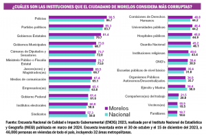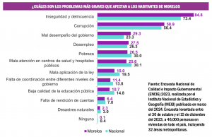 La Encuesta Nacional de Calidad e Impacto Gubernamental (ENCIG) 2023, realizada por el Instituto Nacional de Estadística y Geografía (INEGI) publicada en marzo del 2024, establece que el 84.8 por ciento de los morelenses considera que la inseguridad es la más grave calamidad que afecta a su estado; en segundo lugar, el 58.9 por ciento se queja de la impunidad y el 29.3 por ciento considera que el tercer mal que afecta a su entidad es el desempeño del mal gobierno.
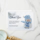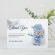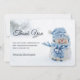 Tack för ditt kort med ett sött foto med lite snögubbe. Stå utanför vintern med snö som ramlar runt. Den här söta lilla killen är klädd i blå stickade kläder. En vit/grått-bågflagga i bakgrunden.
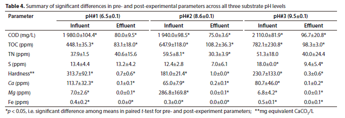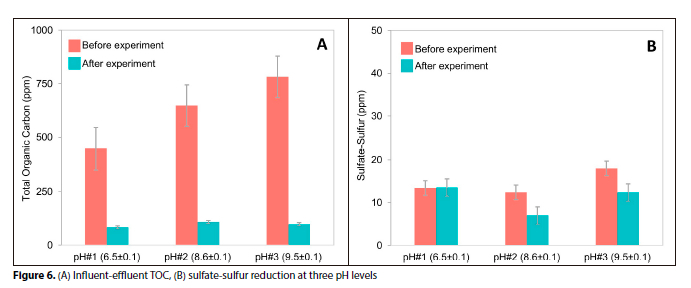 In terms of pollutant removal from the substrate, regardless of substrate pH, around 99% of COD, 99% of hardness, and 93% of iron were observed to be removed in this study. However, bacterial activity slowed down in an acidic environment and increased with increased substrate pH. As a result, the highest reductions in TOC (83%), TN (22%), and sulfate-sulfur (50%) were noted at pH#3 (9.5±0.1).
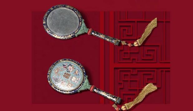 在故宮博物院中有一個(gè)藏品,叫做「銅胎畫琺瑯八寶雙喜字背把鏡」,是清晚期廣東進(jìn)呈朝廷的貢物,代表了清朝高超的制鏡工藝水平,同時(shí)也是帝后大婚的妝奩陪嫁之一。

- _Exercise details_
Starting from the line where "Tack för ditt" appears, copy every line through the end of the material, both ends included, but no pictures.

- _Response to the task_
 Tack för ditt kort med ett sött foto med lite snögubbe. Stå utanför vintern med snö som ramlar runt. Den här söta lilla killen är klädd i blå stickade kläder. En vit/grått-bågflagga i bakgrunden.
 In terms of pollutant removal from the substrate, regardless of substrate pH, around 99% of COD, 99% of hardness, and 93% of iron were observed to be removed in this study. However, bacterial activity slowed down in an acidic environment and increased with increased substrate pH. As a result, the highest reductions in TOC (83%), TN (22%), and sulfate-sulfur (50%) were noted at pH#3 (9.5±0.1).
 在故宮博物院中有一個(gè)藏品,叫做「銅胎畫琺瑯八寶雙喜字背把鏡」,是清晚期廣東進(jìn)呈朝廷的貢物,代表了清朝高超的制鏡工藝水平,同時(shí)也是帝后大婚的妝奩陪嫁之一。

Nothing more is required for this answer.